Singleness in the Syrian tradition soon came to be linked to monasticism. For some that is still an option today. But the monastic tradition has a much broader base than is often imagined. Murray talks of the 'Sons and Daughters of the Covenant' (early Syrian proto-monasticism) as 'a recognisable body within the Church (though not yet to be called monks and nuns), some living at home, others in small communities, but not yet isolated from the laity.'8 Such communities have sprung up in all sorts of periods in the Church, separate from the monastic orders. Indeed today there are churches owning houses in which a group of single people live together, as a part of the Church's community life. This would seem to be similar to the proto-monasticism of the Syrian and other traditions and is something to be welcomed.
The gift that is given by God is not to be despised but to be cherished. Singleness for some is only a phase, and the mystery of marriage will be undertaken. Evdokimov sets all our life within a sensitive search for vocation. For many this means marriage. For some it is singleness. For some this is expressed in a vow or monastic life. 'The voice of grace is never that of a tyrant; it is an invitation, a call from a Friend'.9 God's gift for each one needs to be discerned and seen in this light, a part of the divine friendship. Friendship is undervalued today. Eros is seen as the most important type of love. Many have never thought that friendship with God is possible.
Single people often have a deep appreciation of friendship and as such exhibit the eternal call to friendship with God.

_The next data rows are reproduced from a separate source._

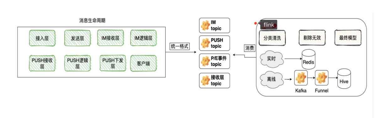 收集日志清洗日志输出到数据源有logAgent帮我们收集日志到Kafka,实时清洗日志我们用的是Flink,清洗完我们输出到Redis(实时)/Hive(离线)。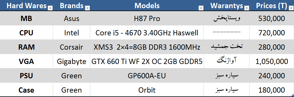 کلا شد 3404000تومن. سی پی یو گارانتی نداره البته با در نظر گرفتن اینکه ما در ایران زندگی میکنیم,مشکلی نداره؟ ایا این سیستم تا 4سال دیگه برای بازی مناسبه؟ سایت معتبره؟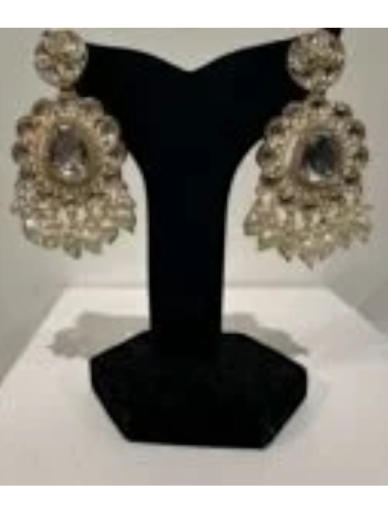 Measuring 3 inches in length, they feature a classic Jhumka or Chandbali-inspired silhouette, often accented with delicate pearl drops (as seen in the images). These statement earrings are perfect for wedding guests, formal parties, or religious ceremonies, giving you a dazzling, opulent look.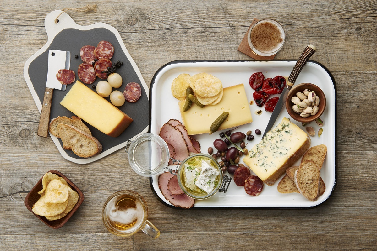 Dairy Australia recommends three cheeses to a platter: one soft cheese, such as camembert or brie, one hard cheese, like cheddar, and one strong cheese.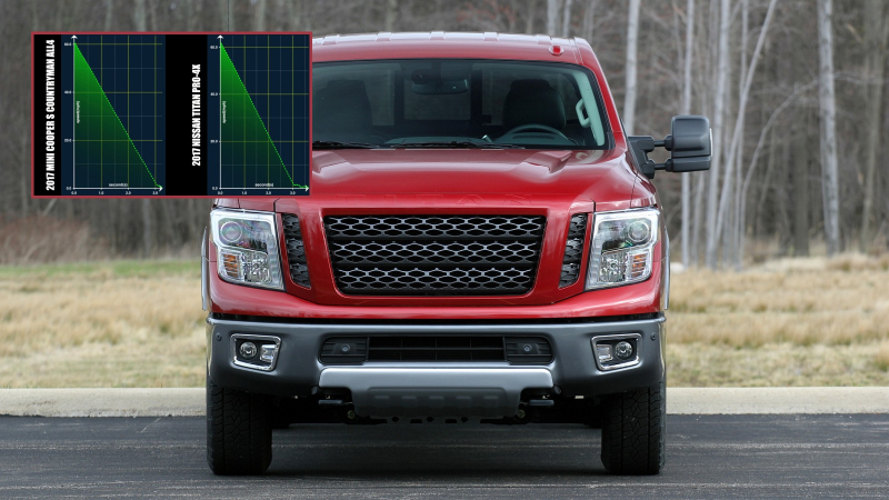 Jedním z nejzajímavějších zjištění při tomto měření bylo, že Nissan Titan Pro 4X brzdí lépe než Mini Cooper Countryman - ze stovky zastaví o 37 cm dříve. Byla by to zanedbatelná odchylka u srovnatelných aut, jenže Titan váží 2 636 kg a Mini 1 646 kg. To je rozdíl přesně 990 kg, skoto 1 tuna. Nebo jinak - Titan je o 60 % těžší než Mini.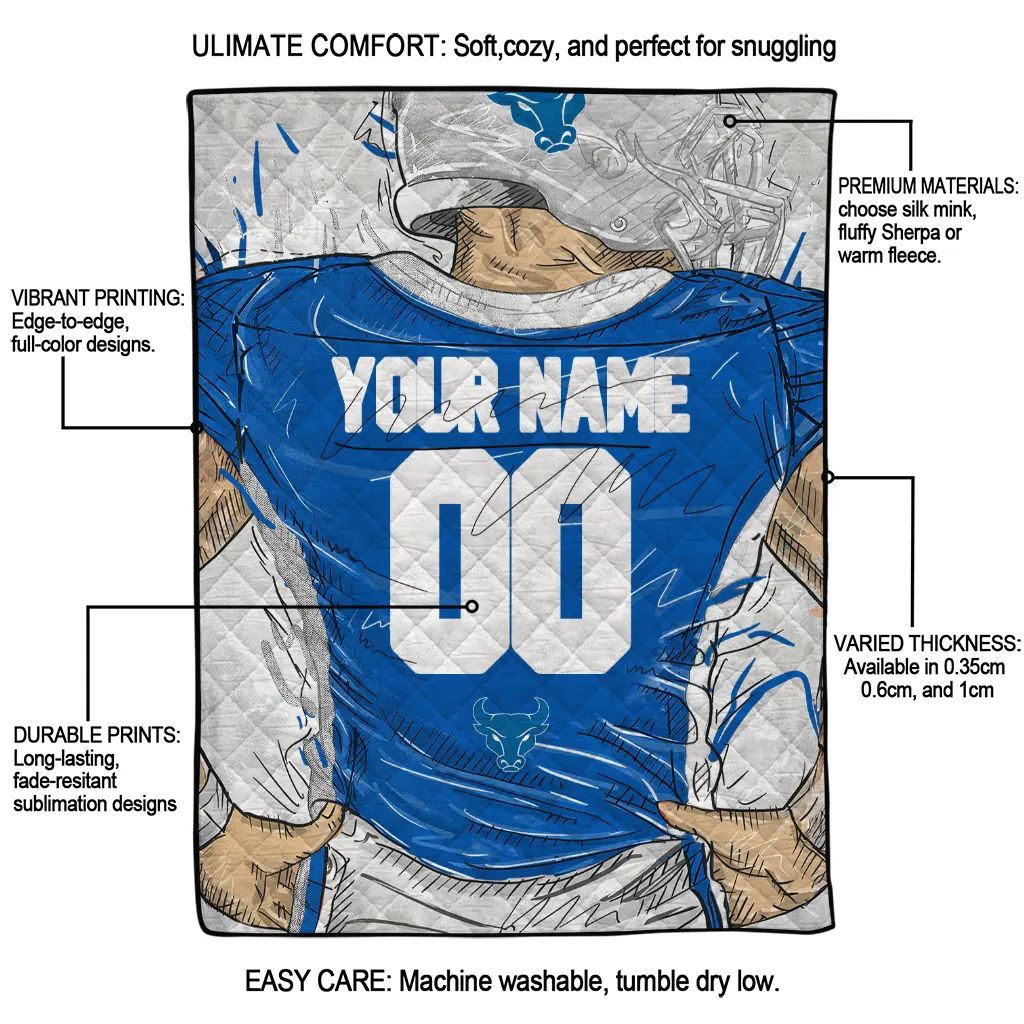 Wrap yourself in warmth and pride with the Customized Buffalo Bulls Player Sketch Royal Blue Gray Quilt Blanket from the Buffalo Bulls Blankets collection at Yes That Blanket. Made from 100% premium quilting-weight polyester blended with a touch of microfiber, this quilt offers a smooth, soft finish you’ll love. Choose between two quilting styles—Stipple or Diagonal—and enjoy the comfort of a cotton-filled layer inside that adds extra coziness for every season. The border is available in classic black or white, giving your design a clean, timeless edge.

The Syrian tradition has helped open up a rich variety of images associated with singleness. The only begotten Son is the single one. Adam was single and in baptism we put on a single life. Singleness is connected with the Trinity, creation, and redemption. It is a multifaceted and reinforcing image. The Church however is increasingly advertising family services. Much is said in society of the need to strengthen the family. What value is placed on God's gift?
Notes
1 S. Brock, The Syriac Fathers on Prayer and the Spiritual Life (Cistercian Publications Inc Kalamazoo 1987) p. xxii. 2 S. Brock, The Luminous Eye, (CIIS, Muvattupuzha India) p. 112.
3 Francis Acharya, Prayer with the Harp of the Spirit, (Kurisumala Ashram, Kerala India 1983) Vol. 1, p. 95.
4 S. Brock, The Luminous Eye p. 112.
5 ibid. p. 113.
6 R. Murray, Symbols of Church and Kingdom (Cambridge University Press 1975) p. 15
7 S. Brock, The Luminous Eye p. 114.
8 R. Murray, op. cit., p. 14.
9 P. Evdokimov, The Sacrament of Love, (SVS Press, Crestwood New York 1985) p. 96.